Para além do incentivo ao crescimento vertical, a Prefeitura de Chapecó também tem aprovado empreendimentos de grande porte fora das áreas centrais da cidade. “A pandemia trouxe um novo conceito de adensamento populacional, que são os condomínios fechados e loteamentos populares, que permitem frações menores. Nós temos quatro condomínios fechados e cerca de 12 loteamentos em aprovação para os próximos meses”, informa o secretário.

MÃOS QUE EDIFICAM

Por se tratar de uma mão de obra de base, as próprias empresas investem em qualificar os funcionários com cursos internos com o intuito de mantê-los no quadro. Desta forma, os próprios trabalhadores têm optado em se especializar em determinadas etapas da obra, ao invés de acumular funções e serviços. Um caminho sem volta, de acordo com o engenheiro Josiel, cuja obra da qual é responsável chega a contar com 10 empresas terceirizadas concomitantemente. “Hoje, não se encontra o pedreiro que faz tudo. A equipe interna da empresa representa apenas 30% do pessoal em obra, o restante são empresas terceirizadas, que passam por uma rígida consulta da documentação dos colaboradores que irão prestar o serviço. Assim, existe uma equipe para estrutura, outra para reboco externo, para reboco interno, para alvenaria, instalações elétricas e hidráulicas. Quando terminam essas etapas, vão para outra obra”, explica.

Um consenso entre os entrevistados desta reportagem sobre a grande guinada da construção civil em Chapecó é a mão de obra que vem de outros estados, principalmente do nordeste – a exemplo de Eucivan – e de outros países como Venezuela e Haiti, em busca de novas oportunidades. “Tem obras em que 97% são trabalhadores nordestinos. Eles vêm porque o salário e as condições são melhores. A maioria deles estão em alojamentos e acordam com a empresa para trabalhar alguns sábados por mês, meio período ou o dia todo, como hora extra. Para o empregado fica bom, porque trabalha mais para enviar dinheiro para a família. O mesmo acontece com os estrangeiros”, relata Izelda Oro, presidente do Sindicato dos Trabalhadores nas Indústrias da Construção e do Mobiliário (Siticom).

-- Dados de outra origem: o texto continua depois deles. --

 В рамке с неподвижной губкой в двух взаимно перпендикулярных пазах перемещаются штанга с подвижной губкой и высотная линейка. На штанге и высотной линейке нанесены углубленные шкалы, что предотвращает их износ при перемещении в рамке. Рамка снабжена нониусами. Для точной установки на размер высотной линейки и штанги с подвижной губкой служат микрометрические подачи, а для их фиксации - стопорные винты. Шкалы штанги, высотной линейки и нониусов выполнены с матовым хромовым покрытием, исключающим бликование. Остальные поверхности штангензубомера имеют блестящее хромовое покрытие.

Apesar dessa oferta de qualificação interna, Izelda avalia poucas vantagens que mantêm os trabalhadores na construção civil em Chapecó. Comparando com outro setor que concorre com essa mão de obra, a presidente do Siticom elenca os benefícios da agroindústria, que oferece almoço gratuito, cesta básica e Programa de Participação nos Lucros e Resultados. “Hoje, só o salário não é mais suficiente para garantir a mão de obra qualificada no setor da construção, e a desqualificada recebe menos. Neste cenário, temos muitos trabalhadores sem registro, vários terceirizados, falta de saúde e segurança e, principalmente, a redução do poder aquisitivo. Quem perde sempre é o trabalhador, por causa da inflação, que só tem reajuste de salário quando o sindicato negocia”, afirma.

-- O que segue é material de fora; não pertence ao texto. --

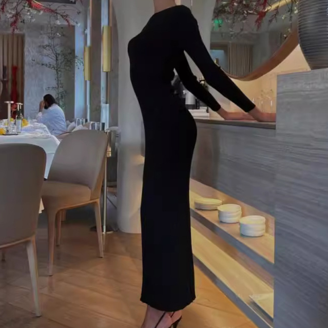 Elevate your wardrobe with this sophisticated slim-fit long-sleeve knitted dress. Crafted with a premium cotton and rabbit wool blend, this dress offers an effortlessly chic and cozy look perfect for the modern woman. Featuring a timeless solid color design, this pull-on pencil skirt silhouette accentuates your curves while ensuring all-day comfort. The elegant off-shoulder neckline and high-waisted cut further enhance its flattering fit. Available in a range of stylish shades, this dress is perfect for both casual and office wear.
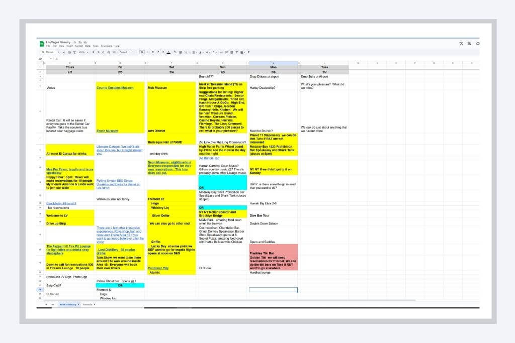After you’ve built your itinerary, confirmed your group, and assigned roles, it’s time to lock in the details: how people are getting there, where they’re staying, and what activities they’re actually doing.
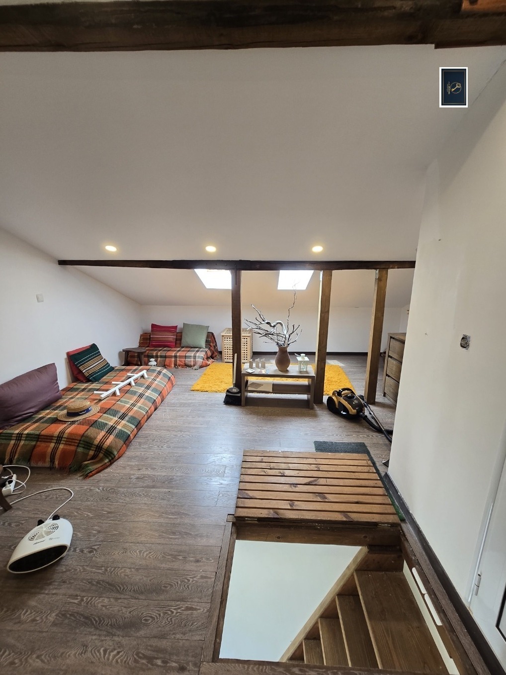 Трети етаж: Отворено пространство с втора спалня, комфортен кът за релакс и самостоятелна баня с тоалетна.
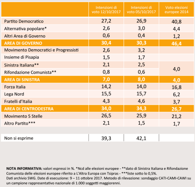 Sorgente: Sondaggi elettorali SWG, il declino dell’area a sinistra del PD
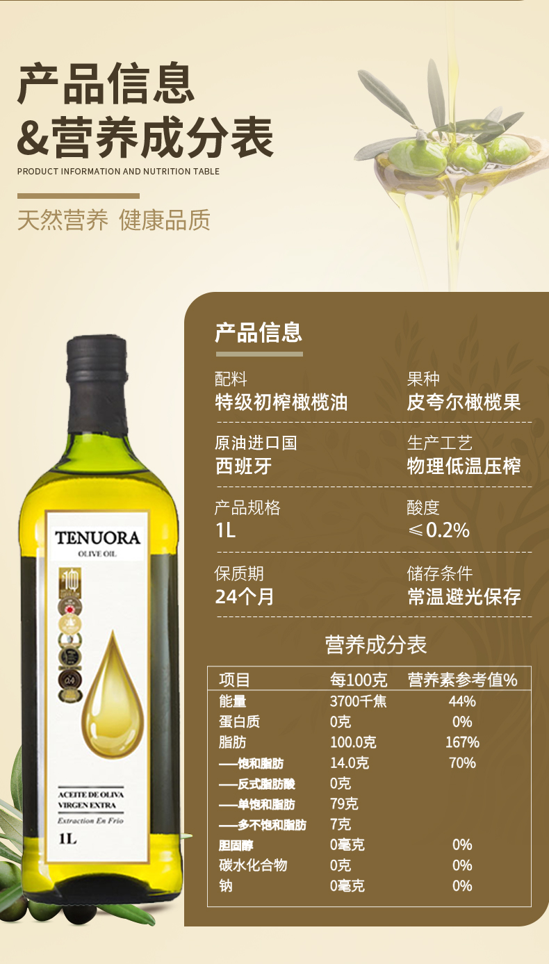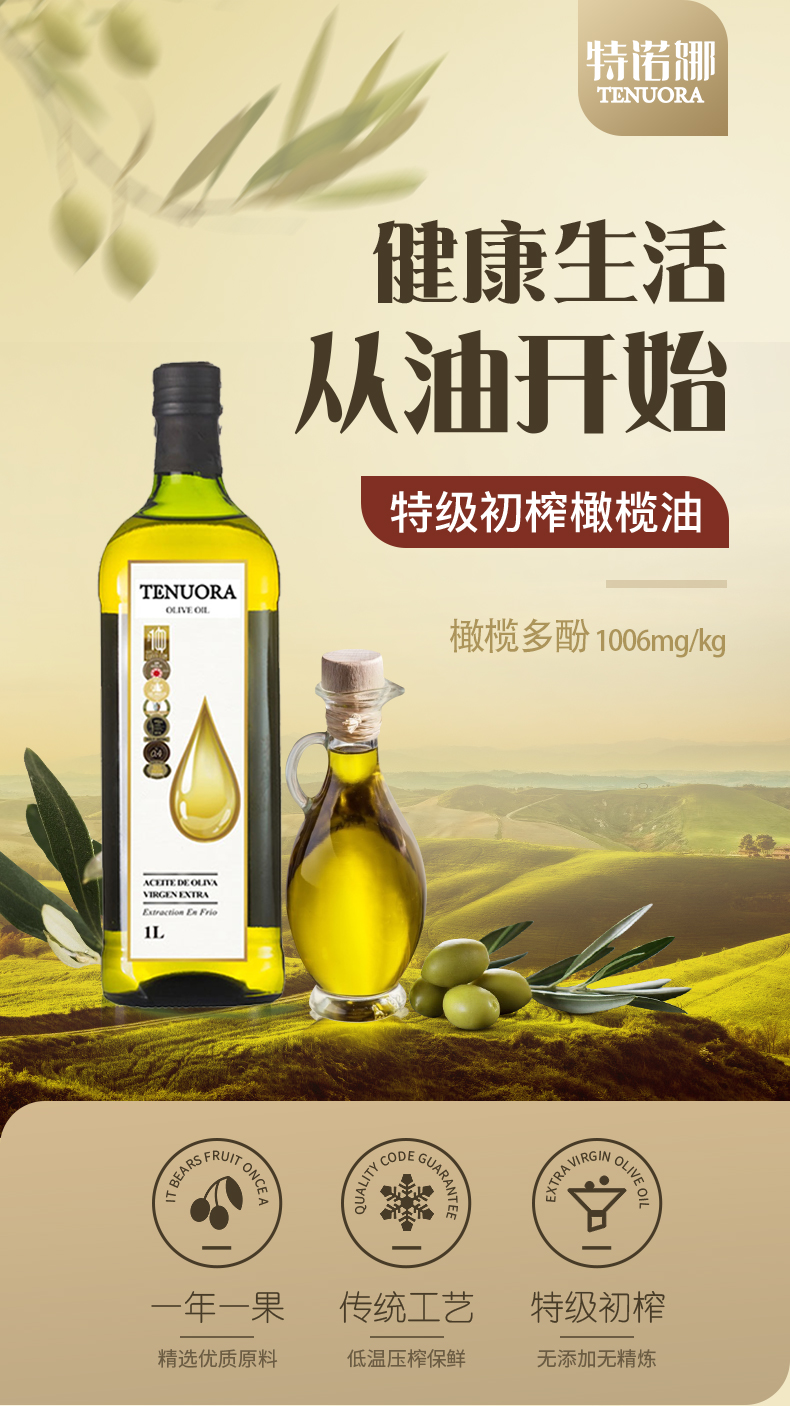 特诺娜特级初榨橄榄油(白金标)1L(单位:瓶) 象牙色
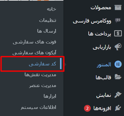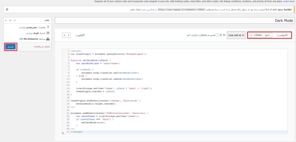 برای افزودن کد بالا در المنتور، به پیشخوان برو، روی المنتور در منوی سمت راست کلیک کن، سپس در قسمت کد سفارشی یک عنوان دلخواه برای اسکریپت بنویس (مثلاً Dark Mode). حالا کدهای بالا رو وارد کن و موقعیتش رو در انتها (تگ بسته body) قرار بده. بعد روی دکمه انتشار بزن، در پنجره باز شده کل سایت رو انتخاب کن و تغییرات رو ذخیره کن. 🌟
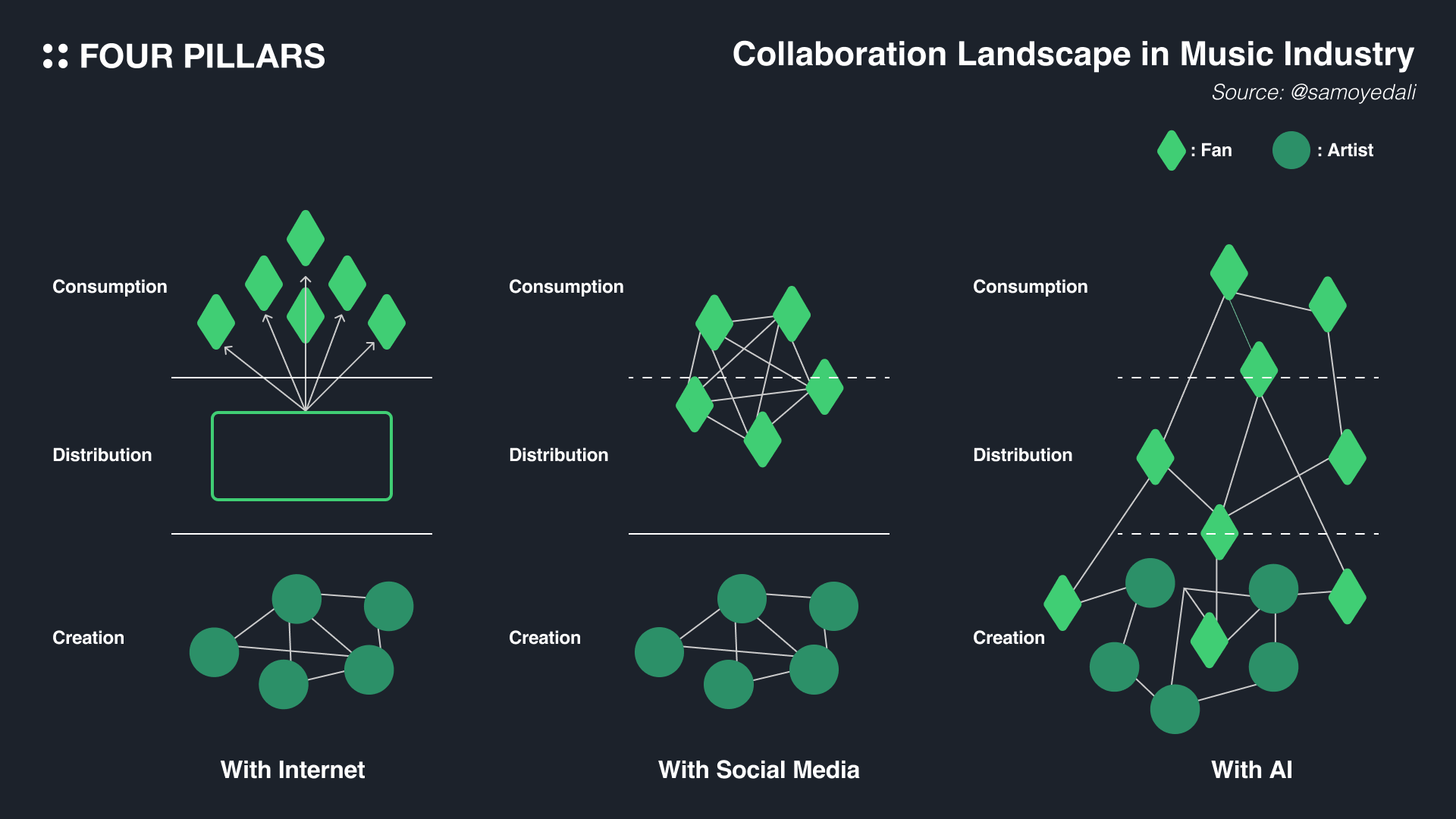 종합해보면, 인터넷, 소셜 미디어, AI라는 기술의 등장과 상용화에 따라서, 음악이라는 공급망에 관여하는 사람들 간의 협업이 더 쉬워지고, 활발해졌다. 인터넷이 등장하면서, 아티스트들 간의 협업이 활발해졌고, 소셜 미디어가 등장하면서 아티스트와 그 소비자들간의 협업이 활발해졌고, AI와 함께 아티스트와 소비자 간의 경계가 모호해지고, 협업의 범위도 늘어나고 있다. 특히 AI 전에는 아티스트와 소비자 간의 협업이 유통과 홍보에 제한되었다면, 이제는 애초에 음악을 만드는 단계에서부터 협업이 일상화될 것이다. 예를 들어, Drake 팬들은 이번 Drake의 새로운 앨범이 마음에 들지 않는다면, 자기들이 원하는 스타일의 곡에 Drake 목소리를 붙혀서 DIY해서 듣기 시작할 것이다.

Mesmo com as dificuldades, a construção civil é um dos setores responsáveis por manter Chapecó na quarta posição entre as maiores economias de Santa Catarina pelo segundo ano consecutivo. Prosperidade construída por mãos como a de Eucivan, com orgulho pelo trabalho que desempenha. “Faço com respeito. Não sou eu que vou morar aqui, mas alguém vai. Se não gostasse, ia embora. A minha casa é minha mochila. Hoje eu tô aqui, se não der certo, já vou para outra obra. O trabalho é para ajudar meus pais, que moram lá na Paraíba, no sertão mesmo. Meu suor e meu futuro estão em jogo. Estou ganhando, mas estou pensando no meu futuro, lá na frente”.